Begin at the line that has "L甲酸加入到99 m L", stop after the line that has "PINPOINT TEST E: NO", and print exactly those lines from the records below, without any pictures.
[Opening INPUT MATERIAL section]
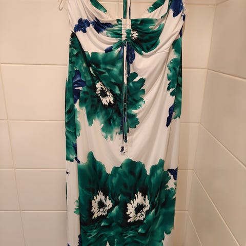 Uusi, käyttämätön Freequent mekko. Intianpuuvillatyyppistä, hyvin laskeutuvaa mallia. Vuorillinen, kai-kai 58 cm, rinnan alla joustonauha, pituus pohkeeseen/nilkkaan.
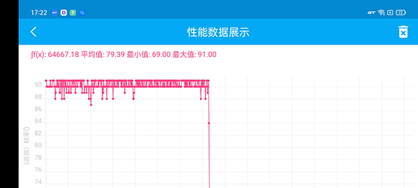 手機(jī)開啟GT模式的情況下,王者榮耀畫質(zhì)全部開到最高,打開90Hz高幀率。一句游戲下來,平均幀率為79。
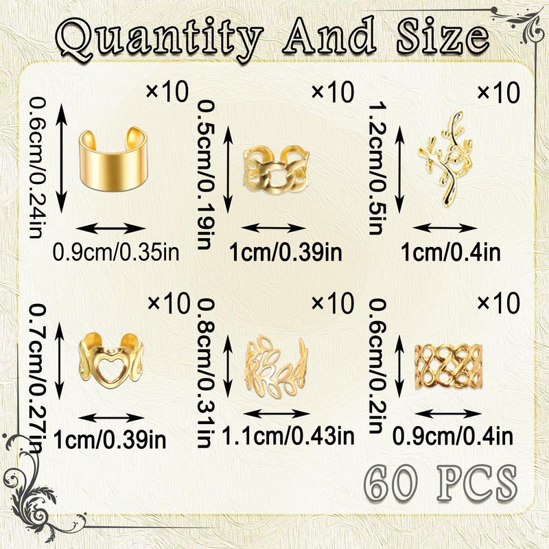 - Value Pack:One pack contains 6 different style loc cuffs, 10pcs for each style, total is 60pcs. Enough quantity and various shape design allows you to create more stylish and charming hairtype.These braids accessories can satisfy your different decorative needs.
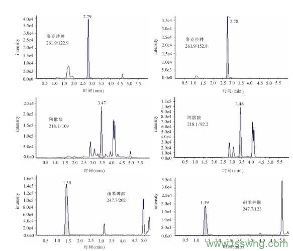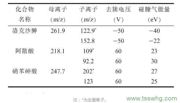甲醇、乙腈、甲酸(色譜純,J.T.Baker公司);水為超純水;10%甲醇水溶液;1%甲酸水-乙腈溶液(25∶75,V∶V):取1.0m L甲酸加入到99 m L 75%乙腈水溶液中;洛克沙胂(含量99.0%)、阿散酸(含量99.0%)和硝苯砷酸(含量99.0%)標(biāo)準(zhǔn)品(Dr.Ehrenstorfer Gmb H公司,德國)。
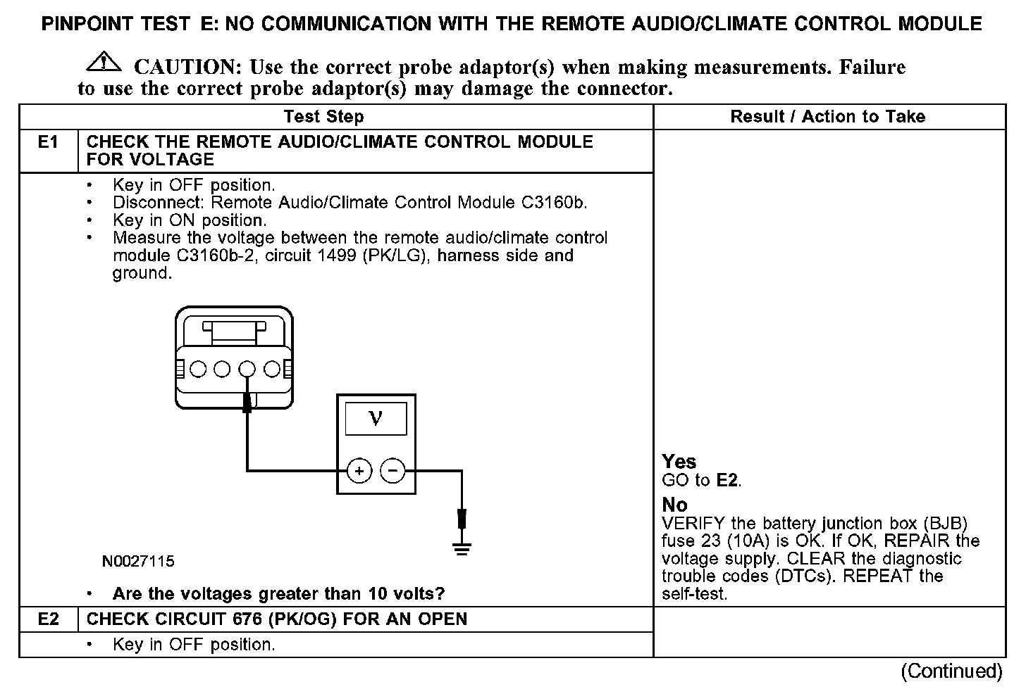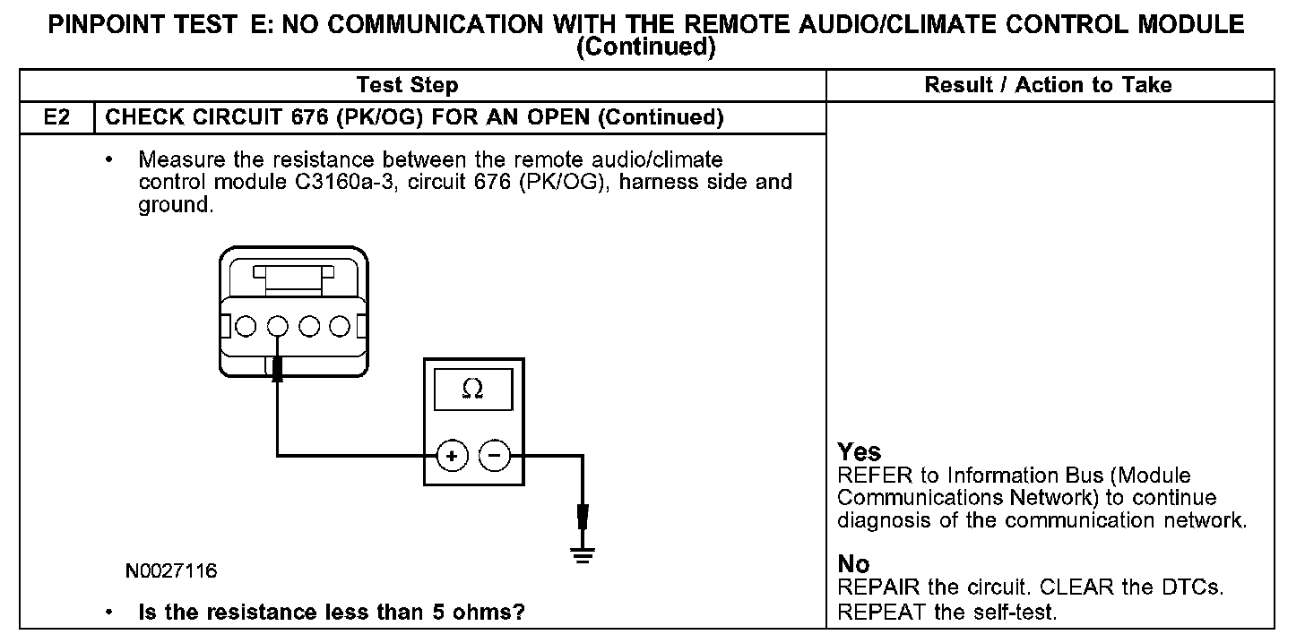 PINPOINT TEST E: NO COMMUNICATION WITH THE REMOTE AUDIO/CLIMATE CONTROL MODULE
[Closing INPUT MATERIAL section]
[Opening INPUT MATERIAL section]
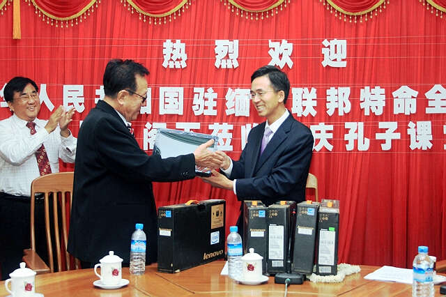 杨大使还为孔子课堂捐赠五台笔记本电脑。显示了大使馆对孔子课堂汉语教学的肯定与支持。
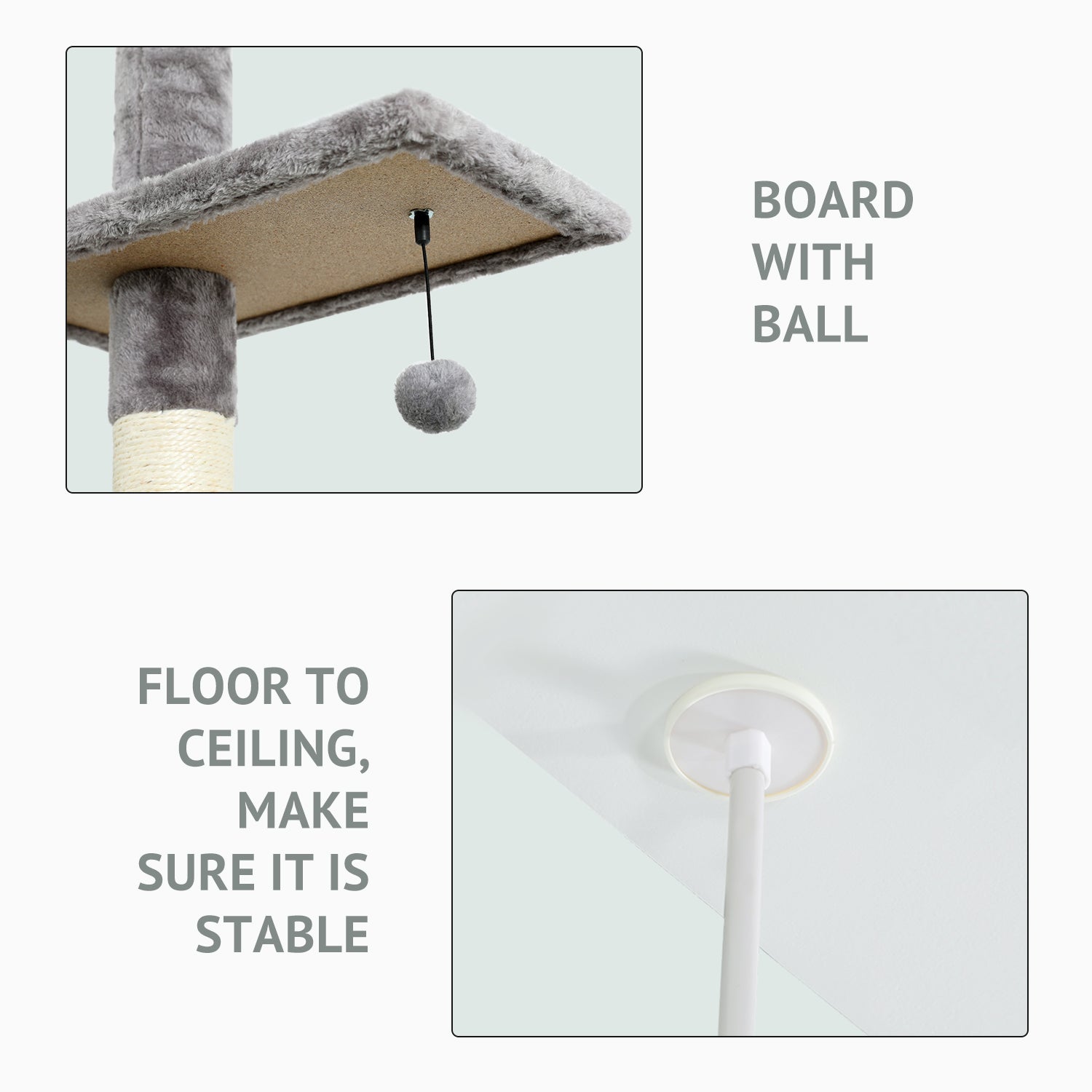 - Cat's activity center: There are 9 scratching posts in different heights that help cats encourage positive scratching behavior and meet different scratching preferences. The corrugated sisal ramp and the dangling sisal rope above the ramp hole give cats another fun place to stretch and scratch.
[Closing INPUT MATERIAL section]
* _WRITTEN ANSWER_:
甲醇、乙腈、甲酸(色譜純,J.T.Baker公司);水為超純水;10%甲醇水溶液;1%甲酸水-乙腈溶液(25∶75,V∶V):取1.0m L甲酸加入到99 m L 75%乙腈水溶液中;洛克沙胂(含量99.0%)、阿散酸(含量99.0%)和硝苯砷酸(含量99.0%)標(biāo)準(zhǔn)品(Dr.Ehrenstorfer Gmb H公司,德國)。
 PINPOINT TEST E: NO COMMUNICATION WITH THE REMOTE AUDIO/CLIMATE CONTROL MODULE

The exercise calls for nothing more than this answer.